Want to test adding a contact? You can do this via the command line for now (since we don’t have a web UI yet). Fire up your terminal and run the following (make sure you’ve restarted the application): curl -i -X POST -H 'Content-Type: application/json' -d '{"name": "Uncle Joe"}' [http://host:1222/contacts](http://host:1222/contacts)

This should produce something like:

HTTP/1.1 200 OK
X-Powered-By: Express
Content-Type: application/json; charset=utf-8
Content-Length: 62
Date: Wed, 26 Jun 2013 09:24:05 GMT
Connection: keep-alive

{
  "name": "Uncle Joe",
  "_id": "51cab335b7e1587508000001"
}

If you now navigate to [http://host:1222](http://host:1222) with your web browser, you should see this result returned in JSON format:

[
  {
    "name": "Uncle Joe",
    "_id": "51cab335b7e1587508000001",
    "__v": 0
  }
]

The last two things to wire up are the update and delete methods:

exports.updateContact = function (req, res) {
  return ContactModel.findById(req.params.id, function (err, contact) {
    contact.name = req.body.name;
    contact.phone = req.body.phone;
    contact.save(function (err) {
      if (!err) {
        console.log('updated');
      } else {
        console.log(err);
      }
      res.send(contact);
    });
  });
};

exports.deleteContact = function (req, res) {
  return ContactModel.findById(req.params.id, function (err, contact) {
    return contact.remove(function (err) {
      if (!err) {
        console.log('removed');
        return res.send('');
      } else {
        console.log(err);
      }
    });
  });
};

Don’t forget to update index.js as well:

app.post('/contacts', contacts.addContact);
app.put('/contacts/:id', contacts.updateContact);
app.delete('/contacts/:id', contacts.deleteContact);

Time to test again.

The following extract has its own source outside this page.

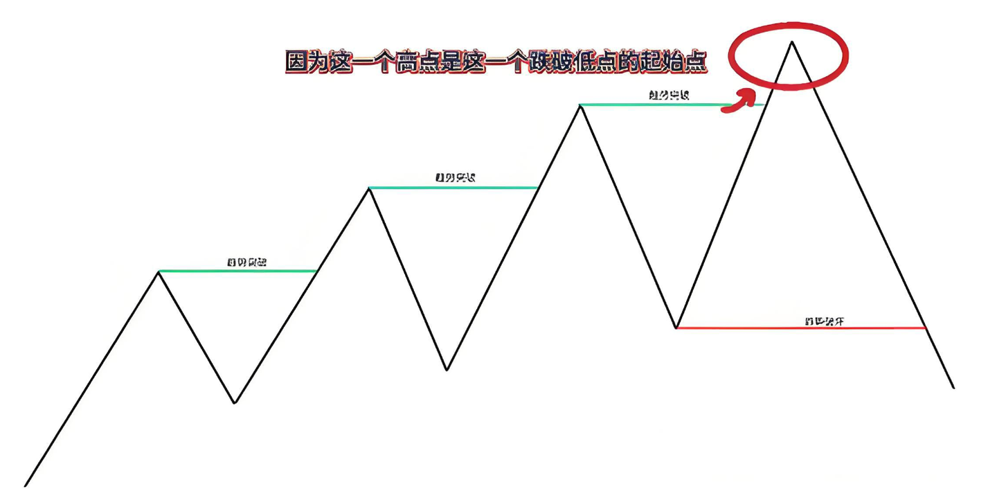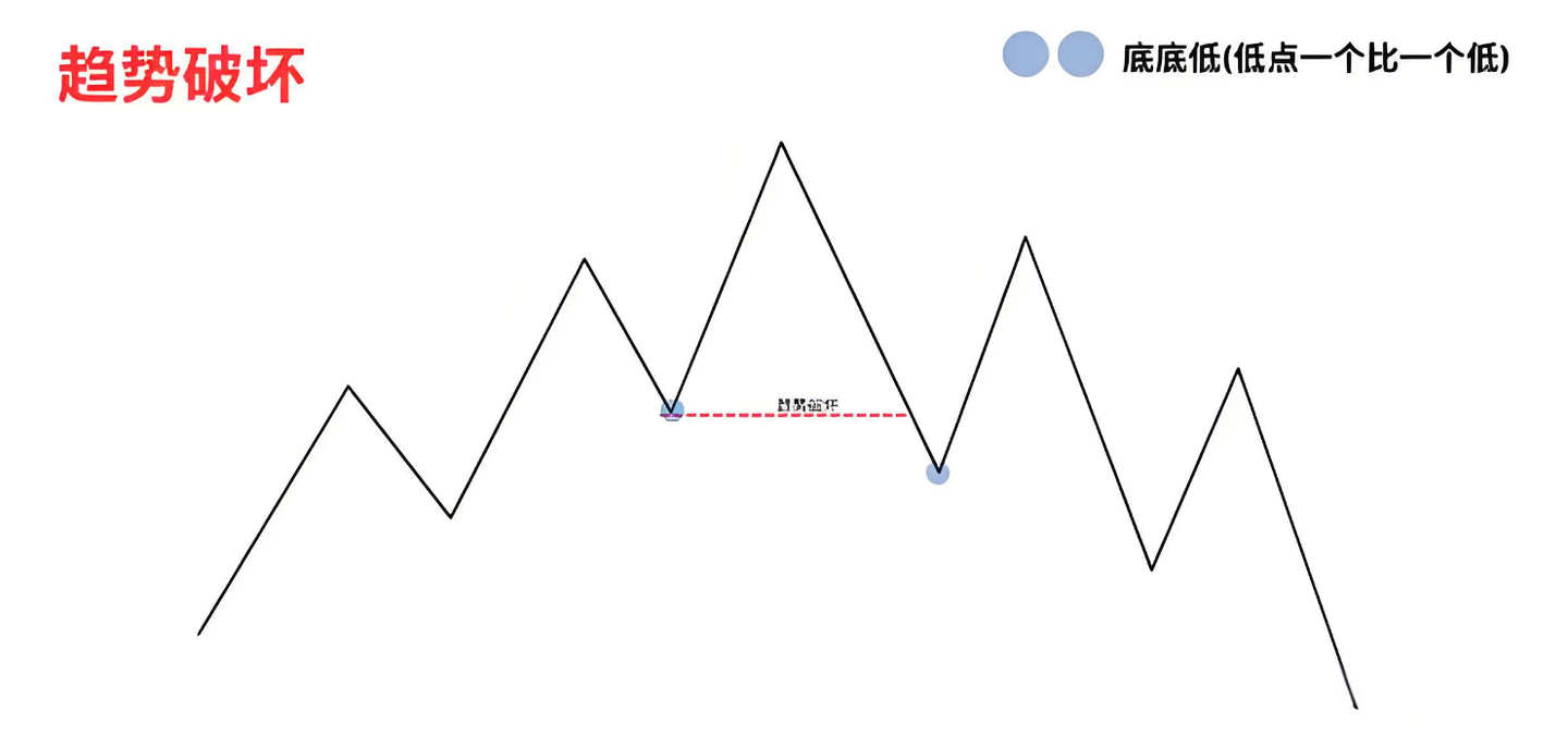 Uptrend broken: The price failed to make a new high and instead fell below the previous low, forming a "bottom-bottom-low" structure, indicating that the bullish momentum was exhausted and the uptrend was likely to end and reverse downward.

Run the following in your terminal: curl -i -X PUT -H 'Content-Type: application/json' -d '{"name":"Uncle Jack"}' [http://host:1222/contacts/put-the-id-here](http://host:1222/contacts/put-the-id-here). This should give you:

HTTP/1.1 200 OK
X-Powered-By: Express
Content-Type: application/json; charset=utf-8
Content-Length: 75
Date: Thu, 27 Jun 2013 10:01:53 GMT
Connection: keep-alive
{
  "name": "Uncle Jack",
  "_id": "51caaff064024e5608000001",
  "__v": 0
}

To verify the update worked, query for all contacts by running the curl statement from before.

Now let’s remove Uncle Jack: curl -i -X DELETE [http://host:1222/contacts/put-the-id-here](http://host:1222/contacts/put-the-id-here).

This produces only a ‘200 OK’ HTTP message:

HTTP/1.1 200 OK
X-Powered-By: Express
Content-Type: text/html; charset=utf-8
Content-Length: 0
Date: Thu, 27 Jun 2013 10:02:21 GMT
Connection: keep-alive

To verify the deletion worked, query for all contacts again (either via the terminal or your browser).